ASSIGNMENT – Using the data below, set down every line from the one containing "A poster entitled" through the one containing "r2月中,记者来到施工现场,焊枪的火花与", inclusive and unchanged. Pictures are to be skipped.

RECORDS FOR THE TASK –
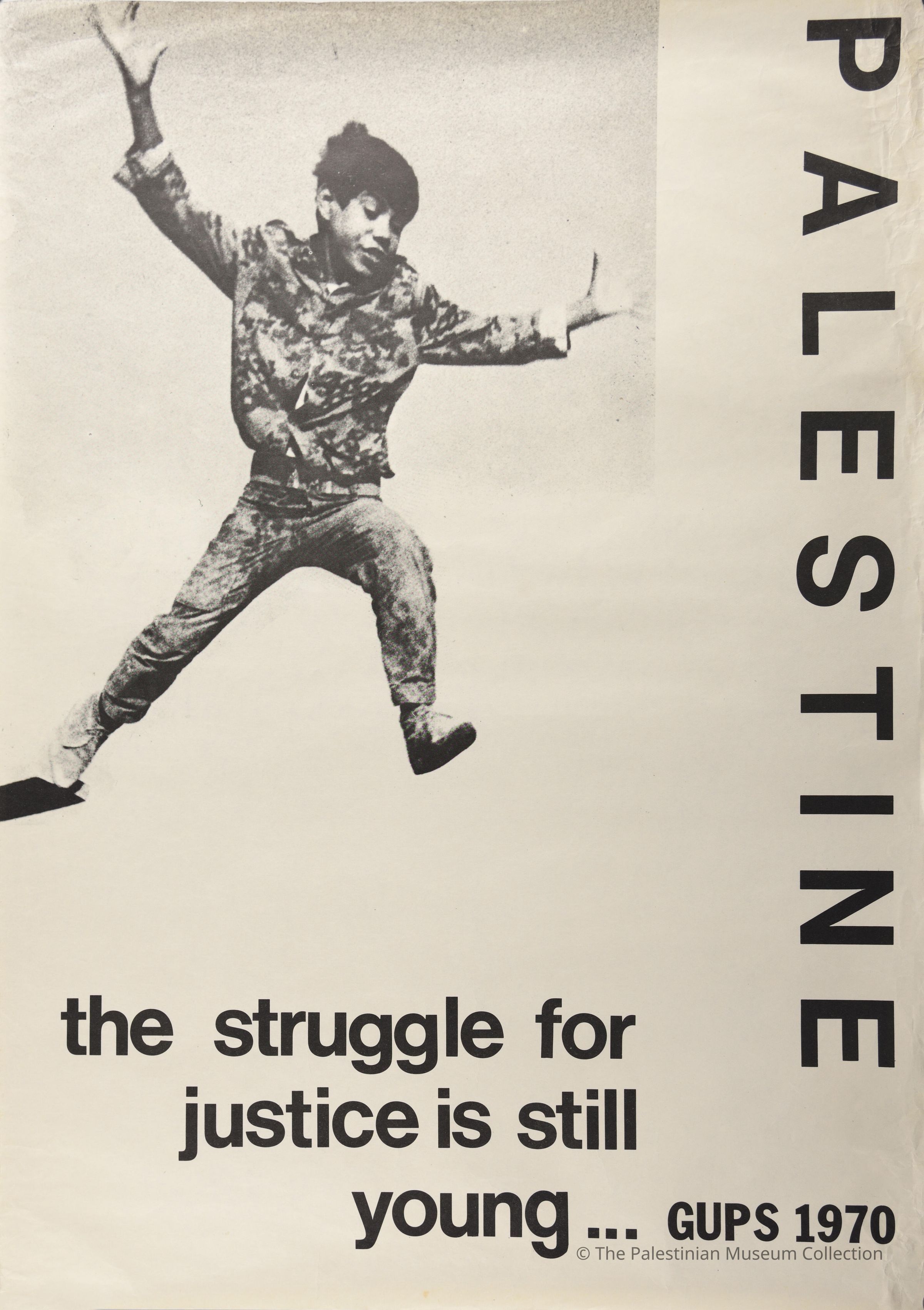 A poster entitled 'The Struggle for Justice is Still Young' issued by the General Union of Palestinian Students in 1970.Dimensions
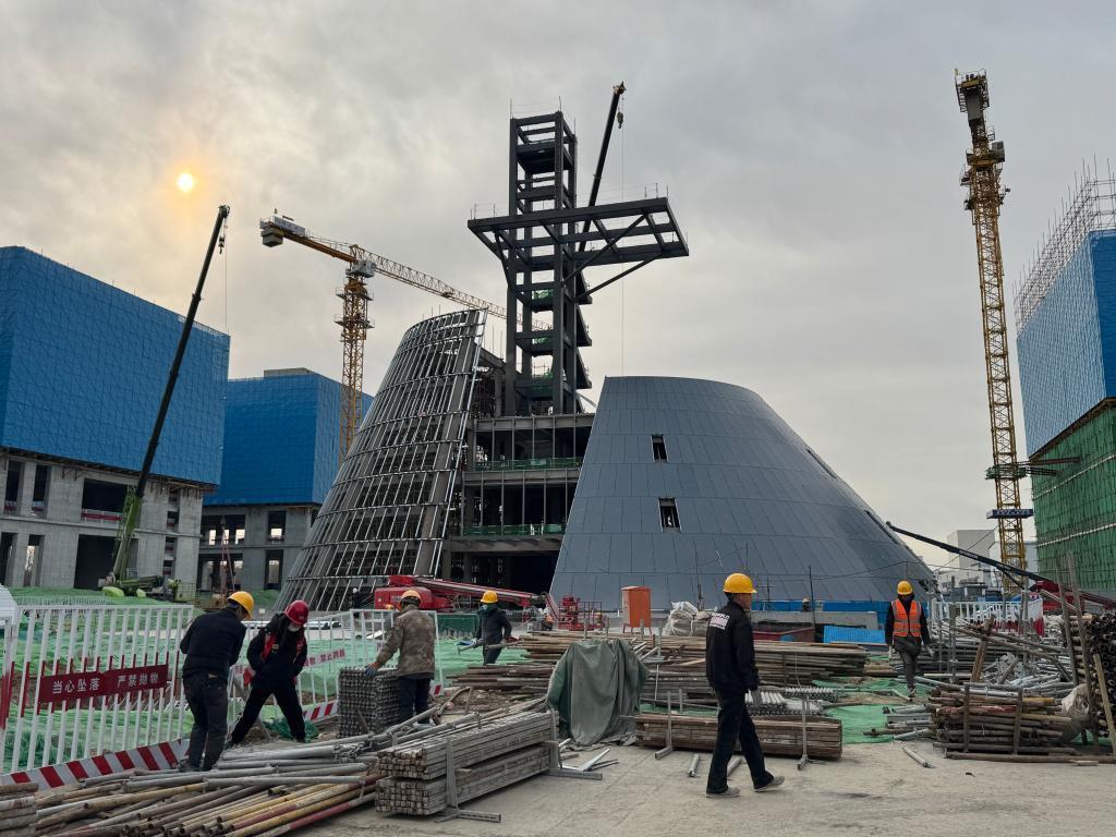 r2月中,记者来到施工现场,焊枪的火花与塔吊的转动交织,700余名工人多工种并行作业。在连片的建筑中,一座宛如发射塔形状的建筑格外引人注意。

* * *

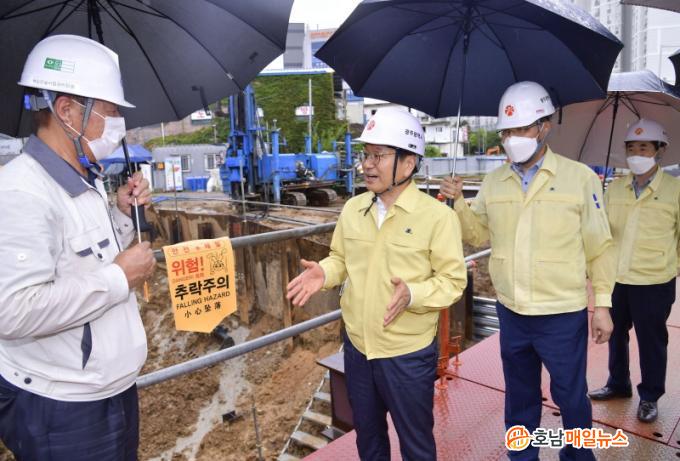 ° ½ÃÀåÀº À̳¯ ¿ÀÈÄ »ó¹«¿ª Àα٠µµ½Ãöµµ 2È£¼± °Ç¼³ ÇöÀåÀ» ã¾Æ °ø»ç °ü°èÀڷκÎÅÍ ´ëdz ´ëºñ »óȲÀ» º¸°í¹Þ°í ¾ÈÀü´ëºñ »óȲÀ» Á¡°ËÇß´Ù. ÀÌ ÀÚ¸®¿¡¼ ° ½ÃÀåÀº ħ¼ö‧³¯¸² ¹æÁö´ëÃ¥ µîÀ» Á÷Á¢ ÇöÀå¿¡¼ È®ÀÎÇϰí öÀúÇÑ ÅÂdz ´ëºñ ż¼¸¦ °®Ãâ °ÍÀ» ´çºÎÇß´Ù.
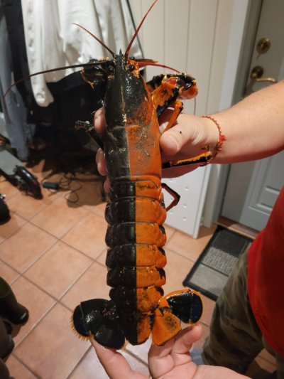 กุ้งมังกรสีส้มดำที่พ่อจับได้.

EXPECTED OUTPUT –
 A poster entitled 'The Struggle for Justice is Still Young' issued by the General Union of Palestinian Students in 1970.Dimensions
 r2月中,记者来到施工现场,焊枪的火花与塔吊的转动交织,700余名工人多工种并行作业。在连片的建筑中,一座宛如发射塔形状的建筑格外引人注意。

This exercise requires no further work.